▸ EXERCISE BRIEF:
Write out every entry exactly as it appears, omitting the pictures.

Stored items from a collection
········

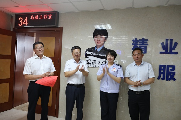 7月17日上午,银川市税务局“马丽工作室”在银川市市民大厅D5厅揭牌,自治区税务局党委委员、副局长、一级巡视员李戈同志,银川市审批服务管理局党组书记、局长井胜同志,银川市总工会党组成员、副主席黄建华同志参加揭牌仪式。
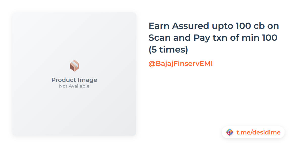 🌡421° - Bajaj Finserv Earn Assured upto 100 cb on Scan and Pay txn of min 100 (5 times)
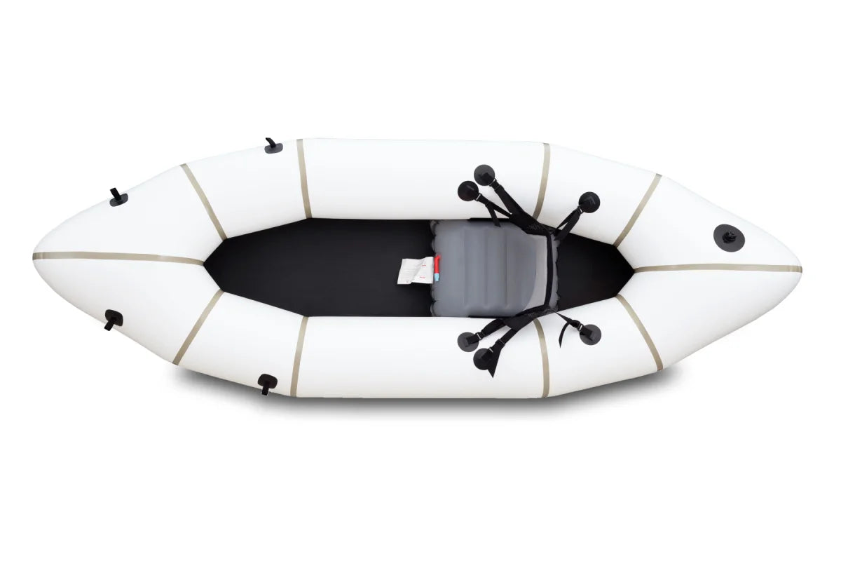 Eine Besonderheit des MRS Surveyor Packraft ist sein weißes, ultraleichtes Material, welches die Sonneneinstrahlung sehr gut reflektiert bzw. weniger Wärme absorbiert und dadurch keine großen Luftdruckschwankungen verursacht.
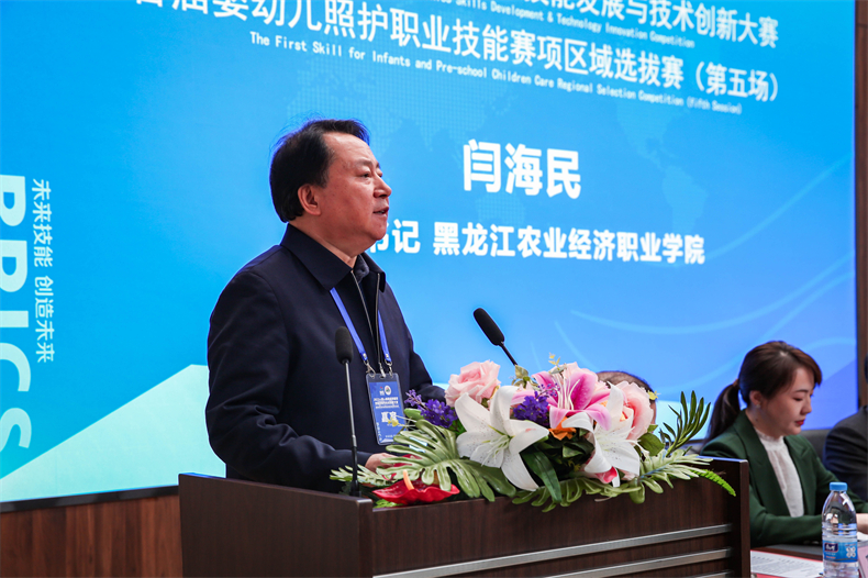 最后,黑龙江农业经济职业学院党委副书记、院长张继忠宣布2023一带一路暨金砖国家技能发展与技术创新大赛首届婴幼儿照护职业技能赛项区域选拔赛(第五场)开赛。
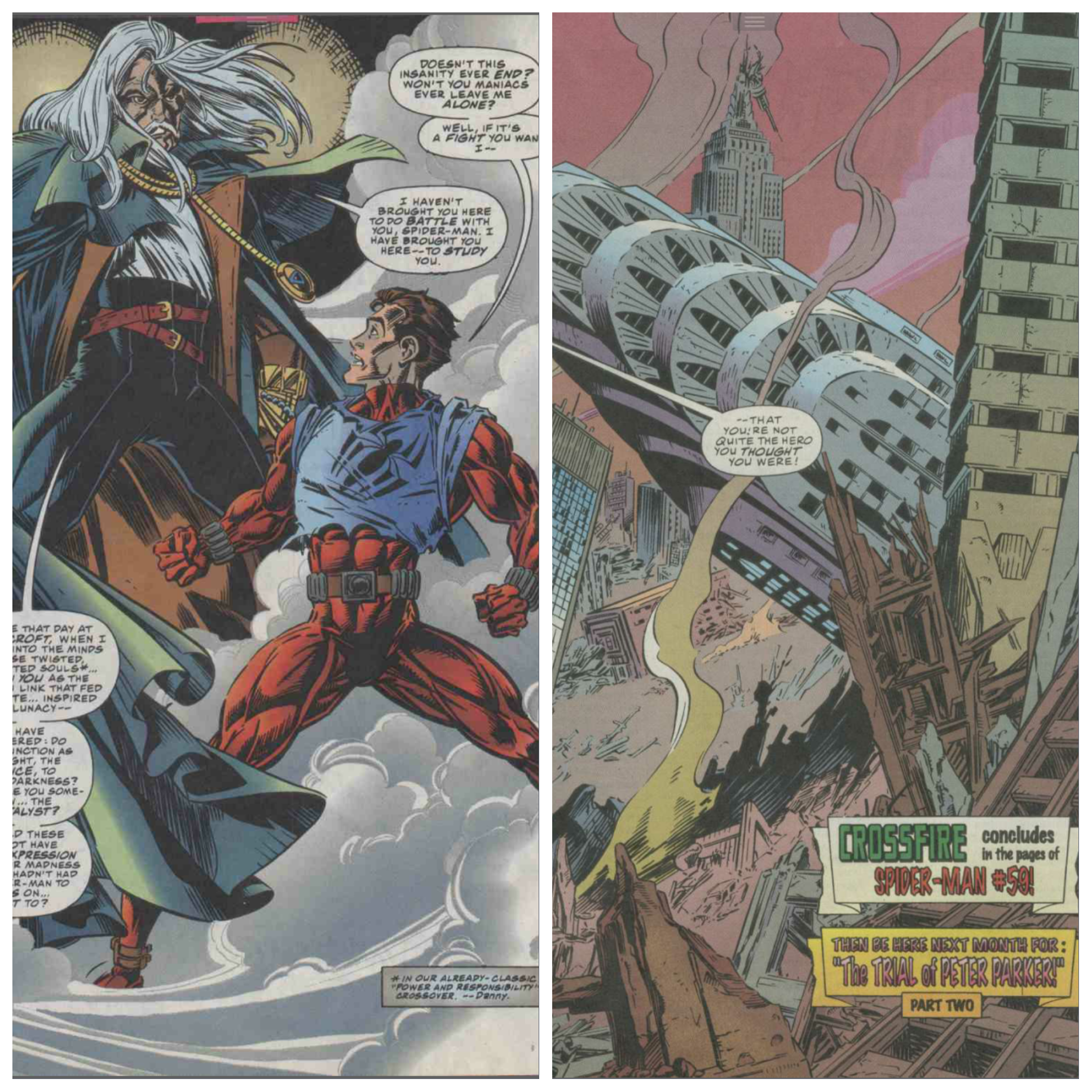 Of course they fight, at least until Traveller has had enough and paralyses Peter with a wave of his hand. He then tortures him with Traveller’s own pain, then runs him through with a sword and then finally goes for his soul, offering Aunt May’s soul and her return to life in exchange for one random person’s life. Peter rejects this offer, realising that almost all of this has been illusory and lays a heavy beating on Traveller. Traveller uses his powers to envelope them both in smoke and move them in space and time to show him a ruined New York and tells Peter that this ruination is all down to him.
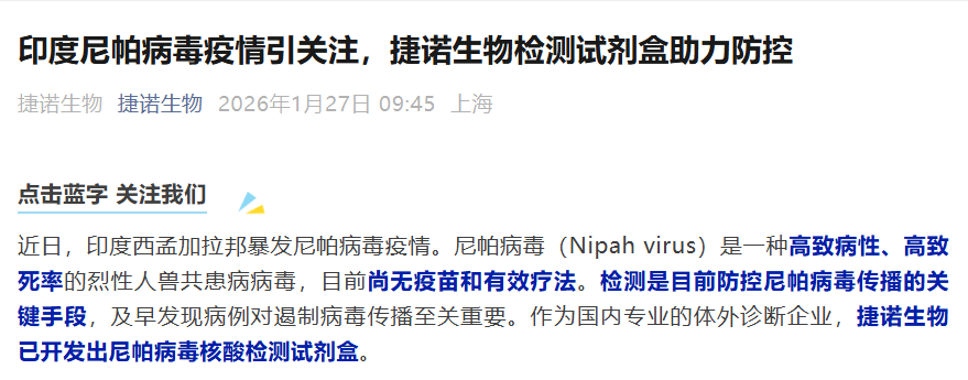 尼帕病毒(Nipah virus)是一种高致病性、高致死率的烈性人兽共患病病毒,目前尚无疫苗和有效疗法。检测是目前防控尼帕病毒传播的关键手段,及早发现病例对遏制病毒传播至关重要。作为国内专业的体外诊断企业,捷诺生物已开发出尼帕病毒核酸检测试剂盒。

········

▸ RESPONSE TO THIS TASK:
 7月17日上午,银川市税务局“马丽工作室”在银川市市民大厅D5厅揭牌,自治区税务局党委委员、副局长、一级巡视员李戈同志,银川市审批服务管理局党组书记、局长井胜同志,银川市总工会党组成员、副主席黄建华同志参加揭牌仪式。
 🌡421° - Bajaj Finserv Earn Assured upto 100 cb on Scan and Pay txn of min 100 (5 times)
 Eine Besonderheit des MRS Surveyor Packraft ist sein weißes, ultraleichtes Material, welches die Sonneneinstrahlung sehr gut reflektiert bzw. weniger Wärme absorbiert und dadurch keine großen Luftdruckschwankungen verursacht.
 最后,黑龙江农业经济职业学院党委副书记、院长张继忠宣布2023一带一路暨金砖国家技能发展与技术创新大赛首届婴幼儿照护职业技能赛项区域选拔赛(第五场)开赛。
 Of course they fight, at least until Traveller has had enough and paralyses Peter with a wave of his hand. He then tortures him with Traveller’s own pain, then runs him through with a sword and then finally goes for his soul, offering Aunt May’s soul and her return to life in exchange for one random person’s life. Peter rejects this offer, realising that almost all of this has been illusory and lays a heavy beating on Traveller. Traveller uses his powers to envelope them both in smoke and move them in space and time to show him a ruined New York and tells Peter that this ruination is all down to him.
 尼帕病毒(Nipah virus)是一种高致病性、高致死率的烈性人兽共患病病毒,目前尚无疫苗和有效疗法。检测是目前防控尼帕病毒传播的关键手段,及早发现病例对遏制病毒传播至关重要。作为国内专业的体外诊断企业,捷诺生物已开发出尼帕病毒核酸检测试剂盒。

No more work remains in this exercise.